**Provided records:**
___

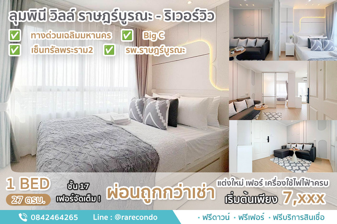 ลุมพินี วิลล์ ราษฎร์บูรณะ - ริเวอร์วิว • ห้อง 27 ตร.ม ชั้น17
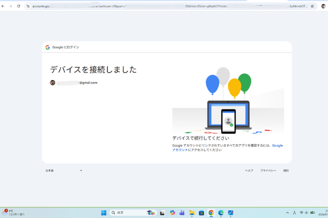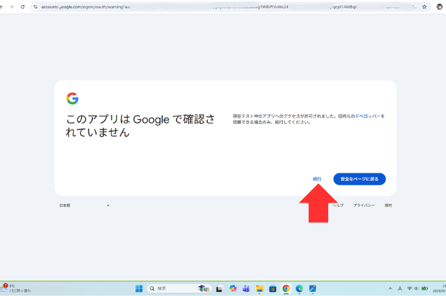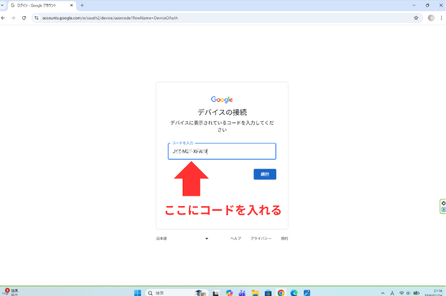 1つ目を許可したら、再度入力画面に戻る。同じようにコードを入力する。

___

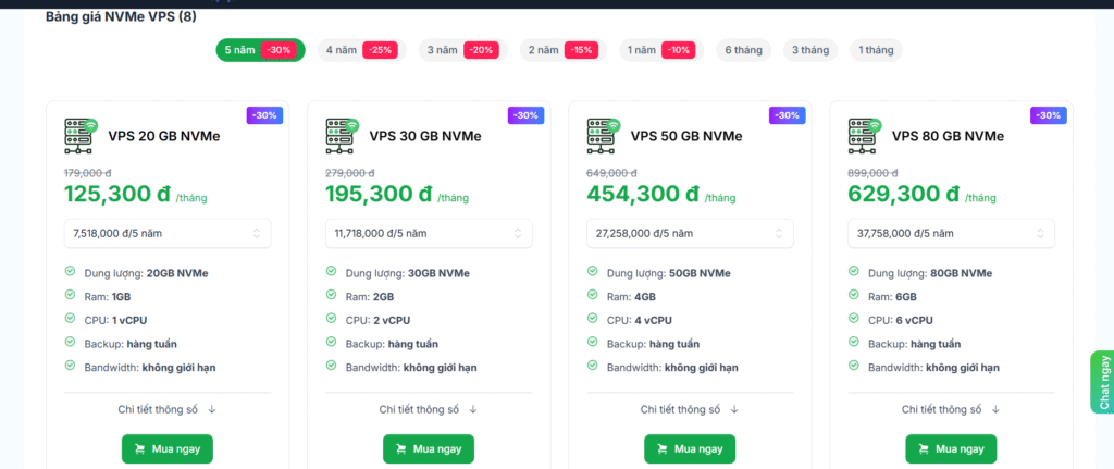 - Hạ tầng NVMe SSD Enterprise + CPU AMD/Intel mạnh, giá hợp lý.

___

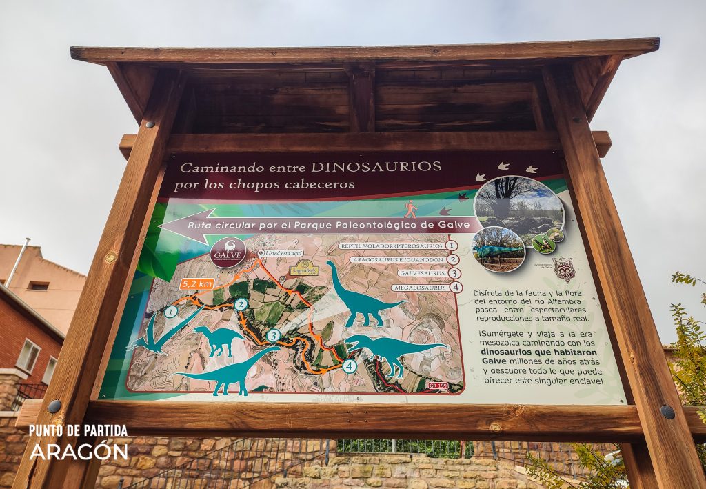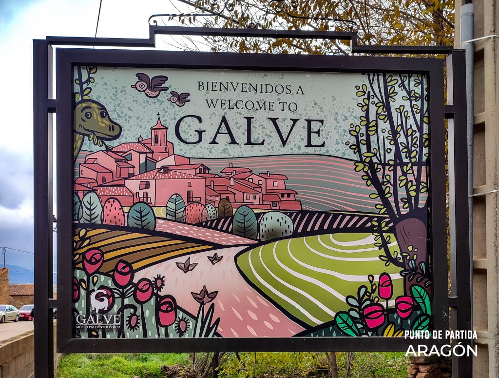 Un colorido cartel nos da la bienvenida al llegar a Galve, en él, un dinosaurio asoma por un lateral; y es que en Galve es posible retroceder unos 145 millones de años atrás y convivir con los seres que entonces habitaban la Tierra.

___

**How to complete this task:**
From the records above, transcribe only the stretch from the line with "ลุมพินี วิลล์ ราษฎร์บูรณะ" through the line with "1つ目を許可したら、再度入力画面に戻る。同じようにコードを入力する。", keeping both ends. Omit pictures.

**Response to the task:**
 ลุมพินี วิลล์ ราษฎร์บูรณะ - ริเวอร์วิว • ห้อง 27 ตร.ม ชั้น17
 1つ目を許可したら、再度入力画面に戻る。同じようにコードを入力する。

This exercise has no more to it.